# TASK OBJECTIVE
Copy out the whole listing exactly as written, leaving the pictures behind.

# DATA EXTRACT
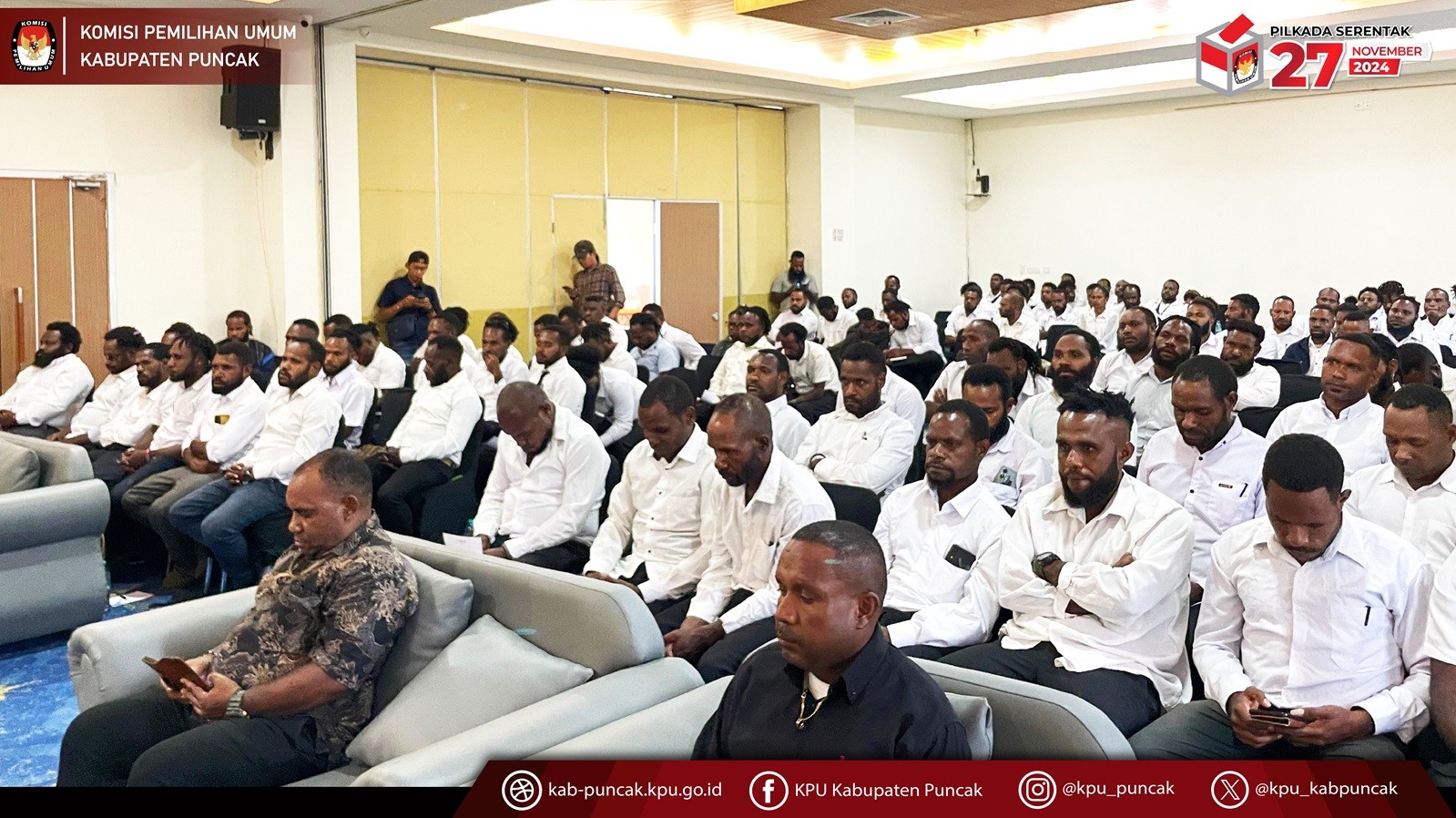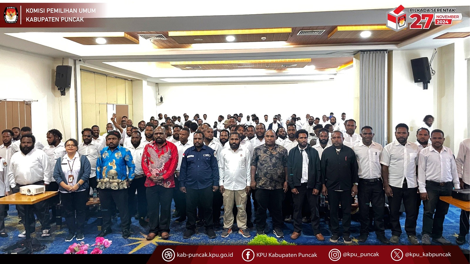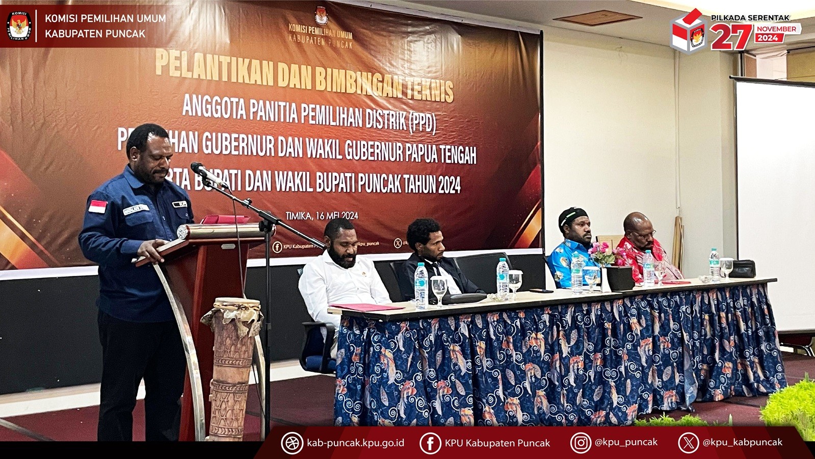 Kamis, 16 mei 2024, Komisi Pemilihan Umum Kabupaten Puncak telah melantik dan memberikan Bimbingan teknis kepada 125 anggota Panitia Pemilihan Distrik (PPD) dari 25 Distrik/Kecamatan di Kabupaten Puncak untuk pemilihan Kepala Daerah Serentak Tahun 2024. kegiatan ini dihadiri juga oleh Anggota BAWASLU Kabupaten Puncak.
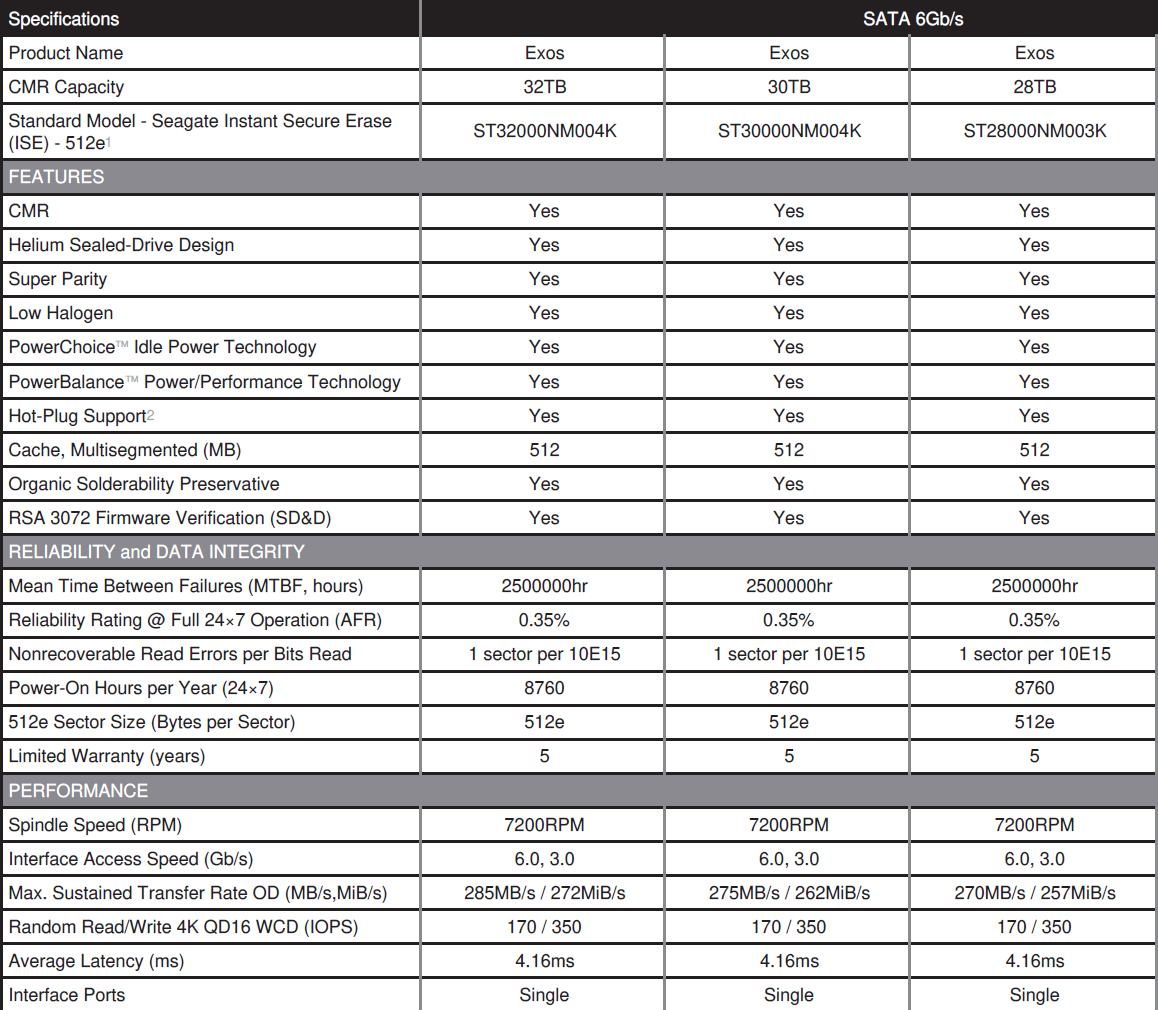 Seagate Exos 32TB Specs
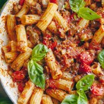 Keyword: healthy dinner recipe, roasted red pepper and eggplant pasta, vegan pasta recipe

# EXERCISE RESPONSE
 Kamis, 16 mei 2024, Komisi Pemilihan Umum Kabupaten Puncak telah melantik dan memberikan Bimbingan teknis kepada 125 anggota Panitia Pemilihan Distrik (PPD) dari 25 Distrik/Kecamatan di Kabupaten Puncak untuk pemilihan Kepala Daerah Serentak Tahun 2024. kegiatan ini dihadiri juga oleh Anggota BAWASLU Kabupaten Puncak.
 Seagate Exos 32TB Specs
 Keyword: healthy dinner recipe, roasted red pepper and eggplant pasta, vegan pasta recipe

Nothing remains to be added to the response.